Scenario 1: Conservative - Missing potential customers is more costly
Scenario 2: Balanced
Scenario 3: Aggressive - Making unnecessary calls is more costly

In [None]:
# Define cost parameters for bank marketing context
# C_FP: Cost of calling someone who won't subscribe (wasted call)
# C_FN: Cost of not calling someone who would have subscribed (lost opportunity)

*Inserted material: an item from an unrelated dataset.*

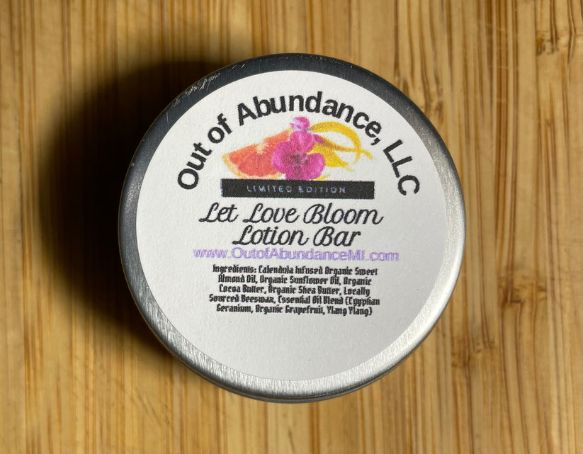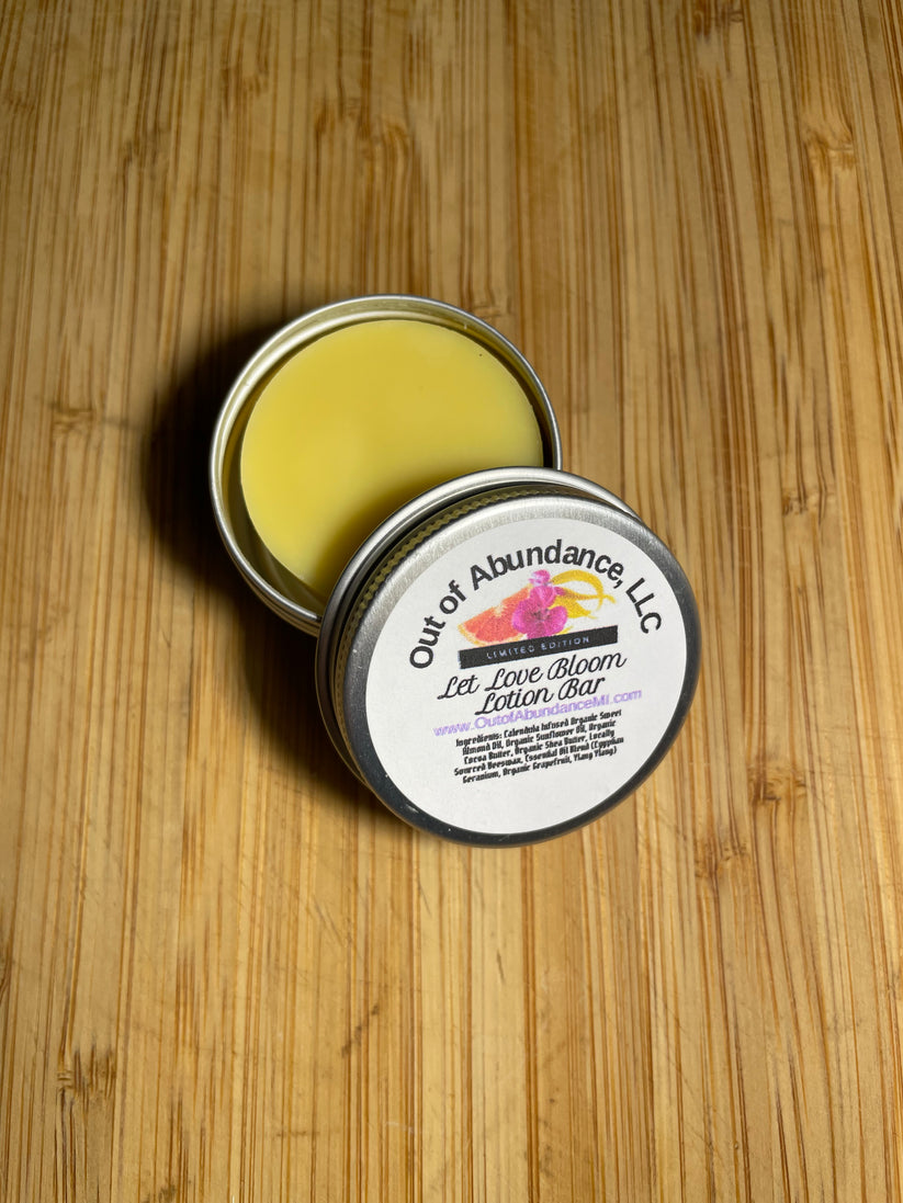 Out of Abundance Mini/Full size Lotion Bars are a super moisturizing waterless lotion concentrate. Our solid bars are packed full of quick absorbing oils/butters to moisturize and beeswax to seal the moisture in. The sealing effect of the beeswax prevents trans-dermal water loss for a long lasting effect. Mini Lotion bars are a natural choice made with organic oils and butters including; sweet almond oil, sunflower oil, cocoa butter and shea butter. The essential oil fragrances in Out of Abundance Lotion Bars are free of phthalates and parabens making them a clean beauty product. Choosing a waterless lotion bar saves resources the first being water. ONE (full size) Solid Lotion Bar can stop up to 3 plastic lotion bottles from reaching our landfills. Also, because lotion bars are anhydrous they are free of preservatives. Water is the main breeding source for things like mold, when we leave the water out we can also leave the preservatives out. They are compact and very portable and easy to throw into a purse, suitcase or tote for moisture on the go with no fear of mess.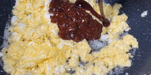 6.用鏟子炒成雞蛋小塊,加入一勺半黃豆醬

# Scenario 1: Conservative - Missing potential customers is more costly
C_FP_conservative = 1   # Cost of unnecessary call
C_FN_conservative = 10  # Cost of missed opportunity

# Scenario 2: Balanced
C_FP_balanced = 1
C_FN_balanced = 5

# Scenario 3: Aggressive - Making unnecessary calls is more costly
C_FP_aggressive = 2
C_FN_aggressive = 1

scenarios = [
    ("Conservative", C_FP_conservative, C_FN_conservative),
    ("Balanced", C_FP_balanced, C_FN_balanced),
    ("Aggressive", C_FP_aggressive, C_FN_aggressive)
]

In [None]:
def sanitize_scores(scores, model_name="model"):
    """
    Ensure scores is a 1D array-like of floats.
    - If DataFrame with one column: squeeze to Series
    - If DataFrame with >1 columns: error
    - If ndarray with >1 dims: ravel to 1D
    - Otherwise: convert to numpy array
    """
    # DataFrame
    if isinstance(scores, pd.DataFrame):
        if scores.shape[1] == 1:
            return scores.iloc[:, 0]
        else:
            raise ValueError(
                f"{model_name}: Expected scores DataFrame with 1 column, "
                f"but got {scores.shape[1]} columns."
            )
    # Series: OK as-is
    if isinstance(scores, pd.Series):
        return scores

    # NumPy array
    if isinstance(scores, np.ndarray):
        if scores.ndim > 1:
            return scores.ravel()
        return scores

    # Other array-like (e.g., list)
    arr = np.array(scores)
    if arr.ndim > 1:
        arr = arr.ravel()
    return arr


## 9. Apply Cost-Based Thresholding to All Models
This code evaluates all trained models across multiple cost scenarios by applying an empirical cost-based thresholding method, kindly donated by Wim, to determine the optimal classification threshold for each model-scenario combination, taking into account the specific costs of false positives and false negatives. It prints results for each scenario and stores the detailed performance metrics in a structured dictionary for further analysis.

In [None]:
# Store results for all models and scenarios
cost_results = {}

# loop thru all models n scenarios
for scenario_name, C_FP, C_FN in scenarios:

    # print out some nice header like thingy
    print(f"\n{'='*60}")
    print(f"SCENARIO: {scenario_name} (C_FP={C_FP}, C_FN={C_FN})")
    print(f"{'='*60}")

    # placeholder for scenario data
    scenario_results = {}

    # loop thru models and apply empirical_costbased_thresholding
    for model_name, predictions in model_predictions.items():

        # ensure that scores are 1d arrays
        preds = sanitize_scores(predictions, model_name)
        
        # Check if model outputs probabilities
        is_prob = model_name in ["Logistic Regression", "Neural Network (MLP)", 
                                 "Random Forest", "Gradient Boosting", "Naive Bayes", 
                                 "XGBoost", "Support Vector Machine"]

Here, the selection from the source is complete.